Herein, we experimentally develop a high efficiency and wideband thermal meta-emitter for long-wave M-IR light production, which has emissivity of ∼80% ranging from λ = 8 to 14 μm. The meta-emitter consists of two pairs of circular–patterned dielectric silicon nitride (Si3N4)–gold (Au) stacks on top of a Si3N4/Au dual-layered structure. We attribute the broadband high emissivity to the combination of propagation surface plasmon resonance (PSPR) and multiple gap plasmon resonance (GPR). The PSPR is strongly related to the period of metasurface. The GPR is supported by the metal-dielectric-metal (MDM) cavity structures with different dielectric thicknesses. In our proposed stacked nanocavity meta-emitter, the Au cylinders and the Au bottom reflector act as mirrors, while the Si3N4 cylinders and Si3N4 dielectric layer represent the dielectric spacers. Note that the near-unit emissivity can be upheld over a broad range of observation angles (θ) from 0° to 60° and is independent of the polarization of light. In contrast to the current commercial M-IR thermal emitter based upon refractory metals, our proposed stacked nanocavity meta-emitter can pronouncedly boost thermal emissivity over the entire long-wavelength atmospheric transparency window of 8–14 μm. The rather simple meta-emitter can be fabricated via a magnetron sputtering system and standard optical lithography techniques, opening possibilities to obtain cost-effective, compact, and wafer-scale fabrication of an M-IR light source.

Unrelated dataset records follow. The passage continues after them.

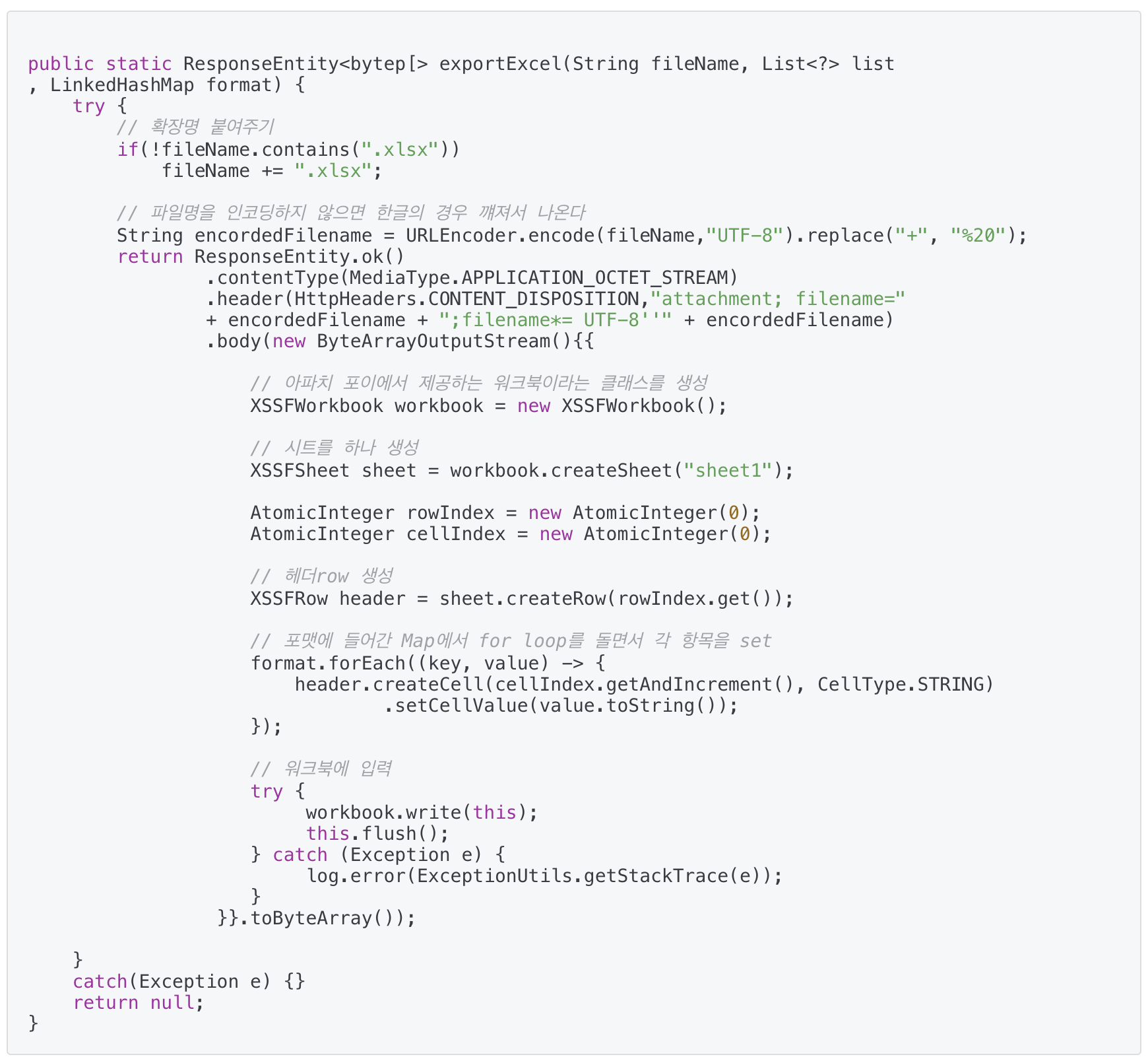이를 해결하기 위해서 엑셀변환이 아닌 csv 포맷으로 변환하는 것을 대책으로 결정이 났다. csv 파일은 excel로의 변환 과정이 없는 plain text를 그대로 출력하기 때문에 속도면에서나 쓰기면에서 빠른 것으로 알고 있다. 접목시켜본 결과 로직은 훨씬 심플하고 별다른 주입이 필요없이 개발이 진행되었다.
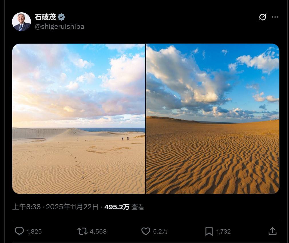 石破茂今天的帖子没看懂,不知道一望无垠的沙漠代表着什么,也不知道在沙漠里面步履艰
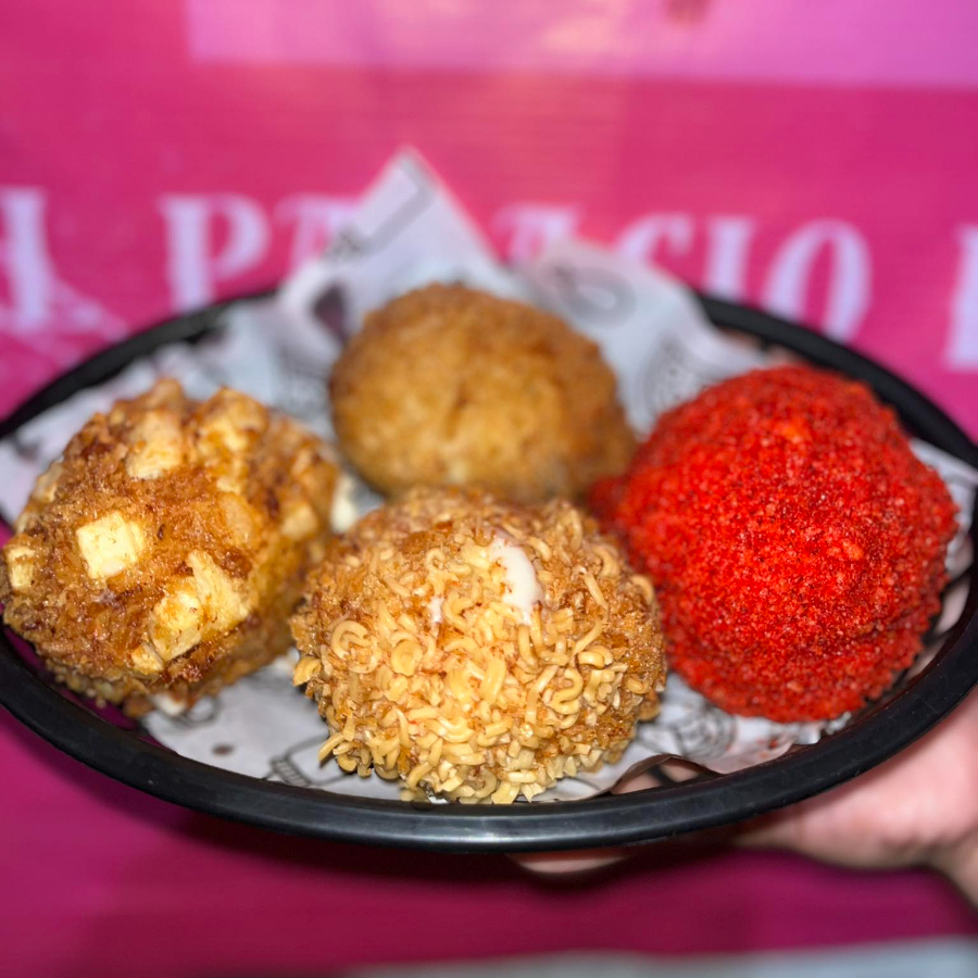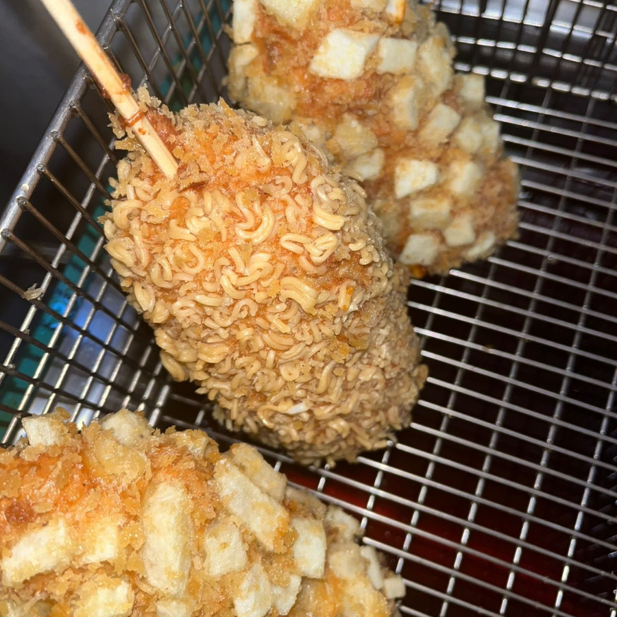Banderilla de queso mozzarella cubierta con Ramen FRITO
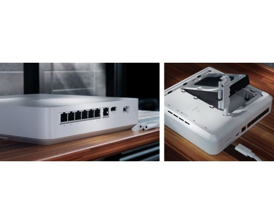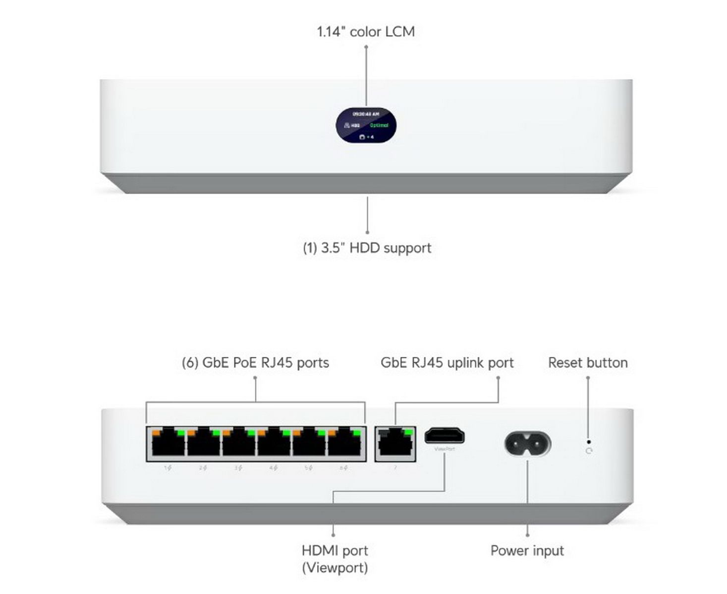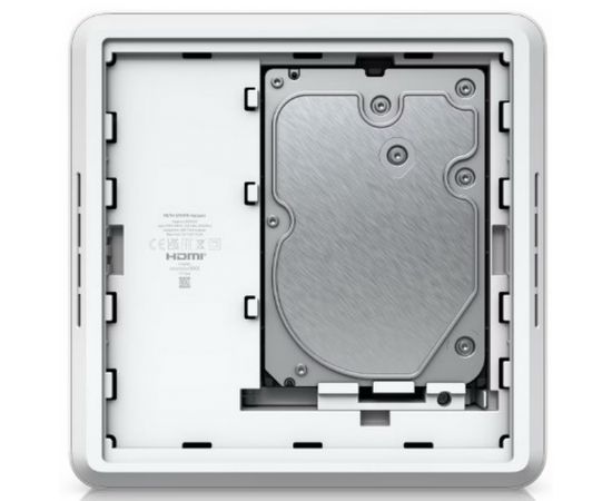 Compact UniFi Protect NVR with 3.5" HDD support, featuring an integrated 6-port PoE switch, integrated HDMI View Port, and a capacity for (6) 4K cameras or (15) Full HD cameras.

2. Results and discussions

The broadband M-IR meta-emitter residing on a silicon (Si) substrate was composed by arrays of circular-patterned Au–Si3N4 stacked nanocavities on a Au–Si3N4 dual-layered film, shown in figure 1(a). The inset presents a single period of meta-atoms with designed geometrical parameters. The parameters were optimized to achieve a high emissivity in the spectral range of 8–14 μm. The resonator relies upon three stacked MDM cavities with different cavity lengths that can excite not only the PSPR mode but also three GPR modes in the M-IR region. A hybrid interference between the PSPR and multiple GPR modes leads to a high emissivity spanning the spectrum ranging from 8 to 14 μm. In figure 1(b), we present a top scanning electron microscope (SEM) image of the meta-emitter. We pattern the cylinder array using optical lithography (see 'fabrication section' for details). The schematic of the fabrication process is shown in supplementary figure S1 (available online at stacks.iop.org/IJEM/4/015402/mmedia). The thicknesses of each layer of two pairs of circular-shaped Si3N4–Au stacks, a Si3N4 spacer, and an Au reflector are t1 = 100 nm, t2 = 500 nm, t3 = 300 nm, t4 = 700 nm and t5 = 200 nm, respectively (inset of figure 1(a)).

Figure 1.

Figure 1. Configuration of the meta-emitter. (a) Schematic of the meta-emitter. The thicknesses of each layer of two pairs of circular-shaped Si3N4–Au stacks, the Si3N4 spacer, and the Au reflector are t1 = 100 nm, t2 = 500 nm, t3 = 300 nm, t4 = 700 nm and t5 = 200 nm, respectively. The pitch in both x- and y-axes is P = 6 μm and radius of the circular disk is r = 4 μm. The entire meta-emitter was deposited onto a Si substrate with 450 μm thickness. Inset: representation of the meta-atom. (b) The SEM image for the top view of the meta-emitter. The meta-emitter has an area of 1500 000 antennae. Scale bar: 10 μm. (c) The Fourier-transform infrared (FTIR) measured (red line) and finite-difference time-domain (FDTD) simulated (black line) ε(ω) spectra of the meta-emitter. (d) The ε(ω) measurements were taken using a thermal camera. Left-column: thermal image of the structure where TD and Tb represent temperatures of the meta-emitter and the unpatterned Si3N4–Au dual-layered structure, respectively. Scale bar: 5 mm. Right-column: the calculated TD and Tb against ε(ω). The ε(ω) is measured under room temperature at 25 °C.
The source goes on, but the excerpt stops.